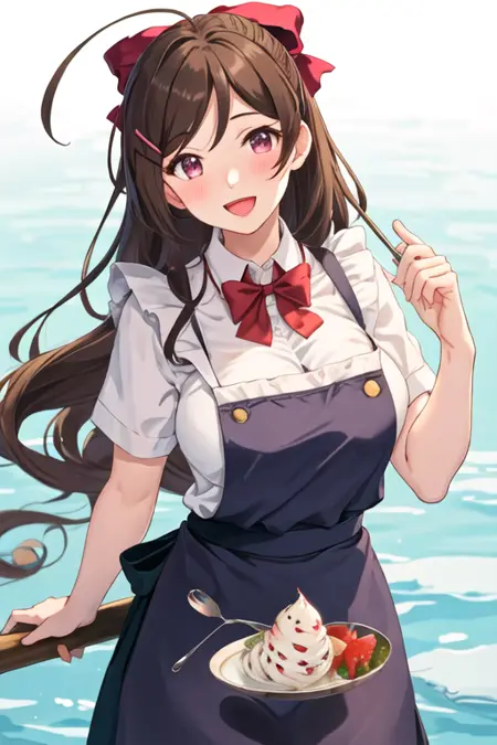 The trigger word is mamiya_kantaicollection, and the recommended tags are best quality, masterpiece, highres, solo, {mamiya_kantaicollection:1.15}, brown_hair, long_hair, ribbon, hair_ornament, hairclip, hair_ribbon, ahoge, breasts, large_breasts, smile, blush, red_eyes, purple_eyes.
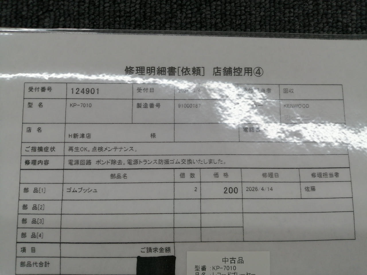 メンテナンス内容:電源回路 ボンド除去。電源トランス防振ゴム交換いたしました。 |
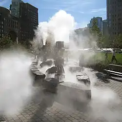 A permanent installation, Harbor Fog,[95][96] by Boston artist Ross Miller, is located in the Wharf District Parks.
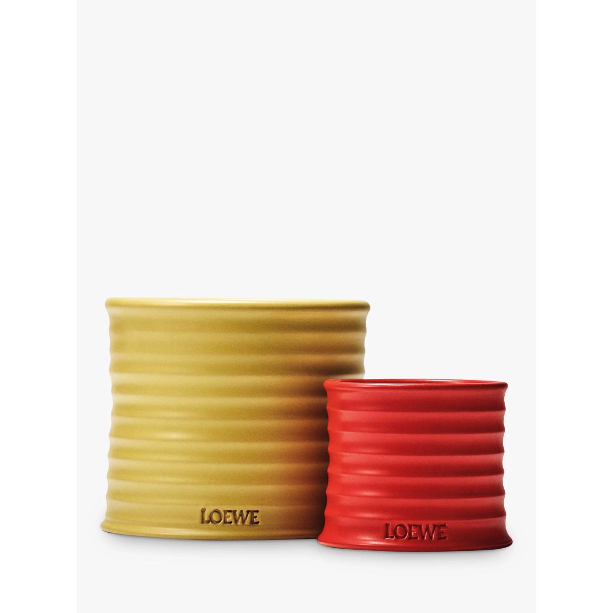 Scented candle with honeysuckle essence. The Honeysuckle candle has a low-intensity fragrance with a floral scent that evokes the sweet aroma of this flowering vine. It reveals delicate, honeyed notes once lit. Crafted in natural wax with one cotton wick, the candle is presented in a glazed terracotta vessel with a stamped base. All LOEWE Home Scents items are olfactory creations that highlight nature’s most natural and pure scents. Made in Spain. Due to their handcrafted nature, no two Home Scents Scented Candles are exactly the same.
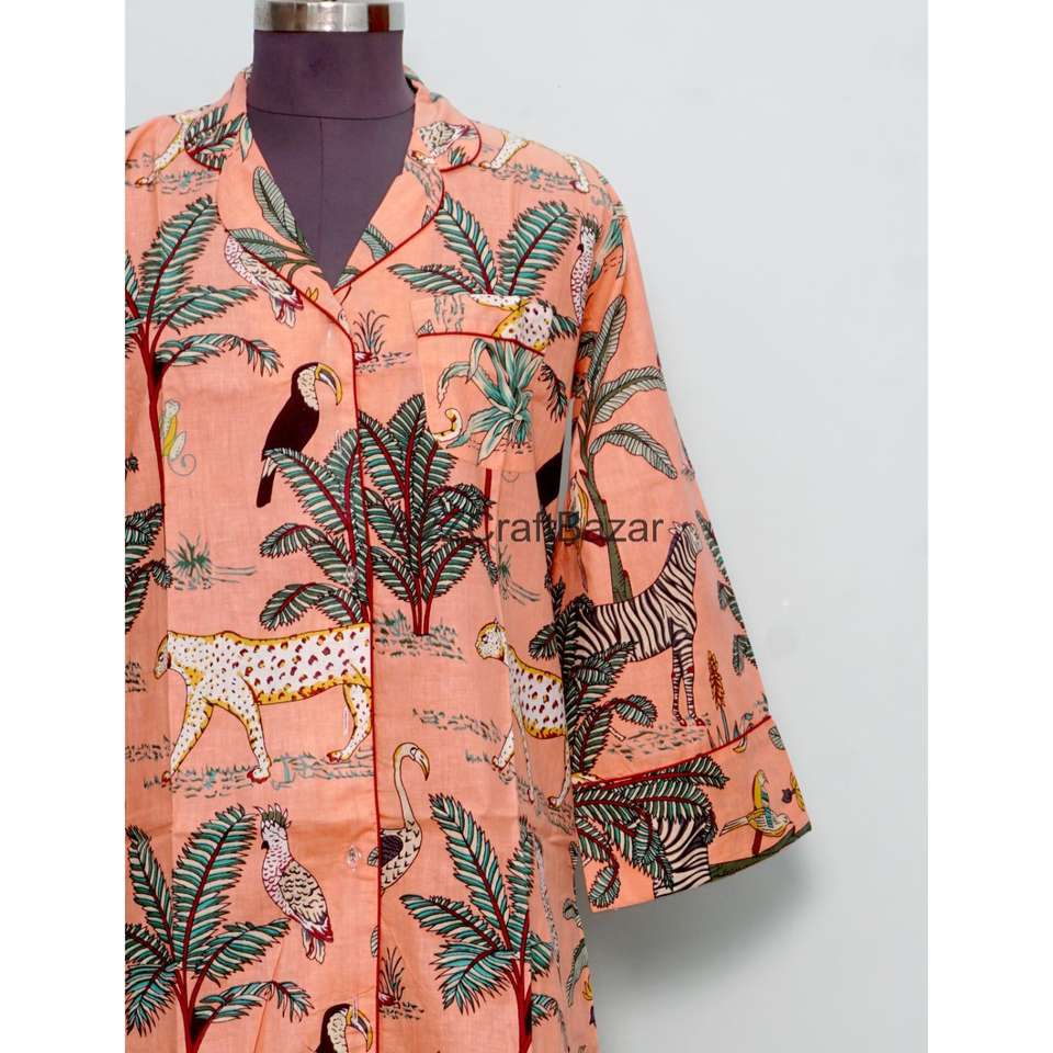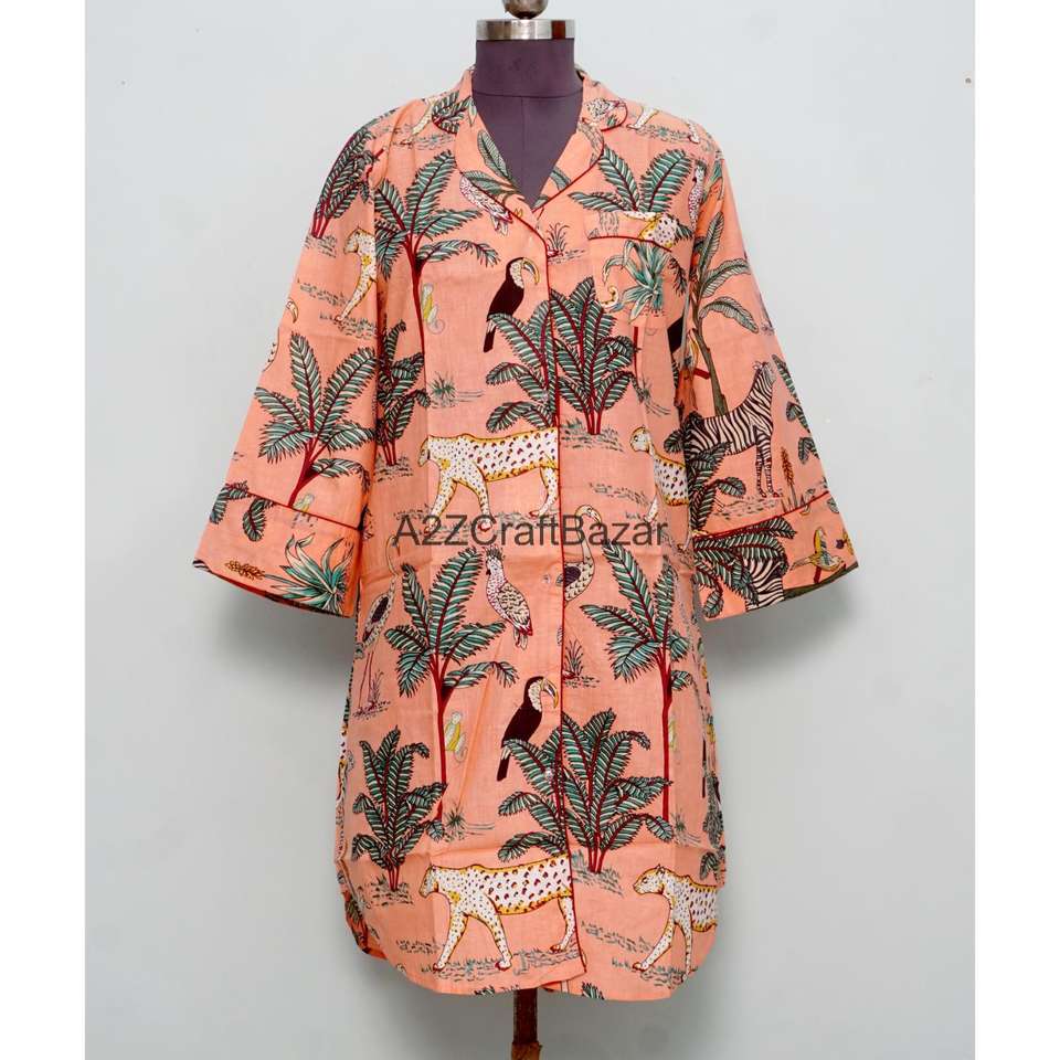 Camisa hecha a mano con estampado en bloque 100% algodón puro, manga 3/4, transpirable, con cierre de botones, para niñas y mujeres.
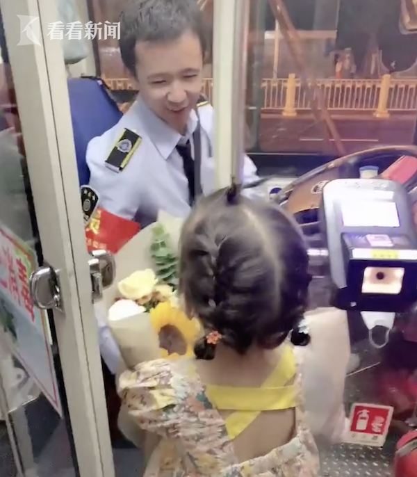父亲节,3岁女儿等在终点站给司机爸爸送花

◆ ◆ ◆ ◆ ◆ ◆ ◆

→ **AIM OF THE EXERCISE**: Write out the data above in full and exactly, but not the pictures.

→ **WORKED SOLUTION**:
 The trigger word is mamiya_kantaicollection, and the recommended tags are best quality, masterpiece, highres, solo, {mamiya_kantaicollection:1.15}, brown_hair, long_hair, ribbon, hair_ornament, hairclip, hair_ribbon, ahoge, breasts, large_breasts, smile, blush, red_eyes, purple_eyes.
 メンテナンス内容:電源回路 ボンド除去。電源トランス防振ゴム交換いたしました。 |
 A permanent installation, Harbor Fog,[95][96] by Boston artist Ross Miller, is located in the Wharf District Parks.
 Scented candle with honeysuckle essence. The Honeysuckle candle has a low-intensity fragrance with a floral scent that evokes the sweet aroma of this flowering vine. It reveals delicate, honeyed notes once lit. Crafted in natural wax with one cotton wick, the candle is presented in a glazed terracotta vessel with a stamped base. All LOEWE Home Scents items are olfactory creations that highlight nature’s most natural and pure scents. Made in Spain. Due to their handcrafted nature, no two Home Scents Scented Candles are exactly the same.
 Camisa hecha a mano con estampado en bloque 100% algodón puro, manga 3/4, transpirable, con cierre de botones, para niñas y mujeres.
父亲节,3岁女儿等在终点站给司机爸爸送花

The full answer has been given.